I don't suppose Anish Kapoor, maker of exquisitely, dreamily gorgeous sculptures, often has his work discussed in football metaphors. But, given that his most recent undertaking - a 50m long membrane of blood-red PVC - is suspended in an empty shell of a building on the banks of a river immortalised in song by Gazza, it seems only appropriate to describe this as a temporary site-specific installation of two halves.
On the banks of the Tyne at Gateshead, the former Baltic Flour Mills building is mid-way through its redevelopment into a massive new contemporary art space, due to open in September 2001.

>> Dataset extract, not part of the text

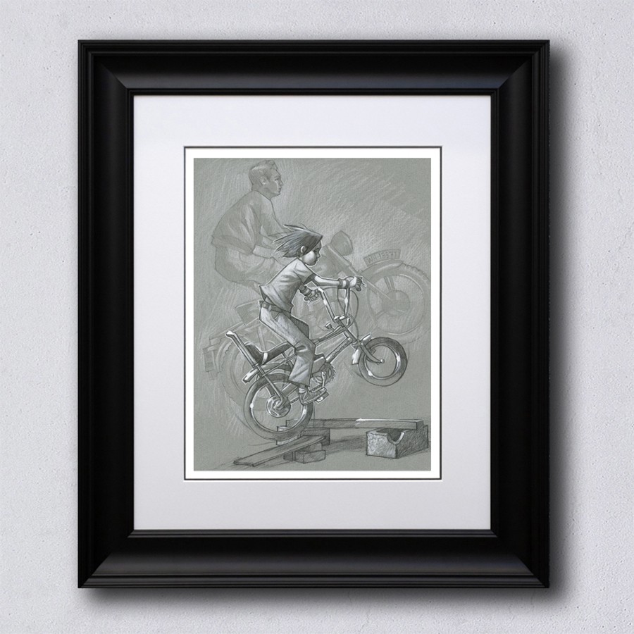 Nostalgia at its finest, Craig Davison brings childhood imagination roaring back to life in this wonderful new release. A young boy sits proudly on his classic Chopper bike, lost in a world of adventure as he re-enacts scenes from The Great Escape. His posture, focus, and determination capture that magical moment where play becomes cinema—where a humble back garden transforms into a legendary wartime escape route.

Its original interior has now been removed, leaving only the hugely dramatic external walls temporarily enmeshed in steel scaffolding, and a vast 1,000sqm hollow inside. Open to the elements (that infamous fog, for example, that Gazza was so possessive about), filled with the sound of gulls swooping all about, it is already a startling prospect.

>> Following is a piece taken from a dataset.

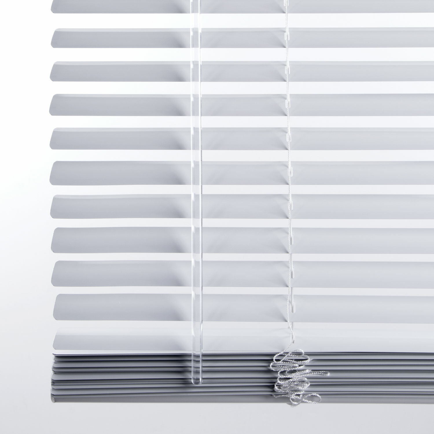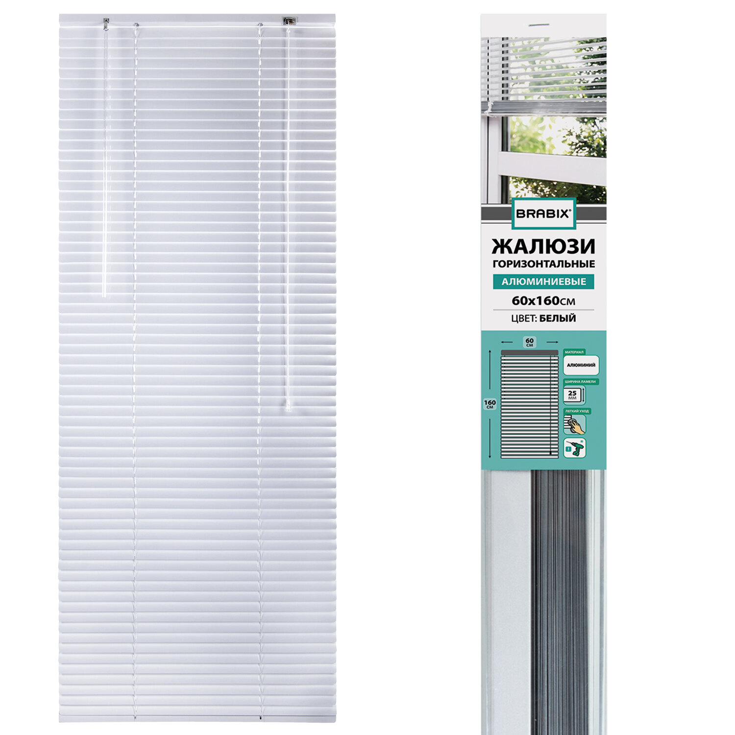 Изготовлены из легкого и прочного алюминия. Материал имеет большой срок службы, не выцветает под воздействием солнечных лучей, не деформируется и не накапливает статическое электричество. Жалюзи легко чистить – алюминий прекрасно переносит влажную уборку. Не имеют запаха и не выделяют вредных веществ при нагревании. Могут использоваться в спальнях и детских комнатах. Левой поворотной ручкой осуществляется управление световым потоком. Длина ручки – 60 см.Регулировка высоты осуществляется с помощью шнура управления справа. Также есть возможность убрать лишние ламели.Последней прикреплена планка с утяжелителем для выравнивания расположения.Жалюзи выполнены в белом цвете.Размер – 60х160 см. Ширина ламелей – 25 мм.

To this, Kapoor has added a devilishly dramatic, audacious installation. Suspended at a giddy height, his double trumpet-shaped creation clings to both ends of the shell, holding the building together more emphatically than the girders outside.
Standing beneath it, it's like the life-force of the space, swooping through, moving almost imperceptibly as wind blows through it, or the messy, sinewy guts and entrails, the corporeal interior ripped out in the name of progress.
Or it's a bridge, echoing the shape of the more famous one across the water outside, or a hand from a horror film stretching down to claim smaller, weaker life forms. All of these and more, it is beautiful, stunning, a winner.
Less successful is the external view of things. As you approach, you see glimpses of glossy red, teasingly incongruous in these quite derelict surroundings, blocking your view through the brickwork shell at some points and, inexplicably, not at others.
This is all fine. Up close, though, through each end, the red disappears into nothing, shrinking into the void of the building. It's an optical illusion, but one that's not quite magical enough. Too orifice-like, too much of the re-birth imagery about it, the wonder and the glory of what's inside is compromised by this rather underwhelming moment.
Despite the drama and the drop-dead beauty of it all, in the end more is less here. Kapoor's so lively intervention feels like a slightly empty gesture, one which is rescued only by its ravishing loveliness - which is, of course, where Taratantara rather leaves Gazza behind.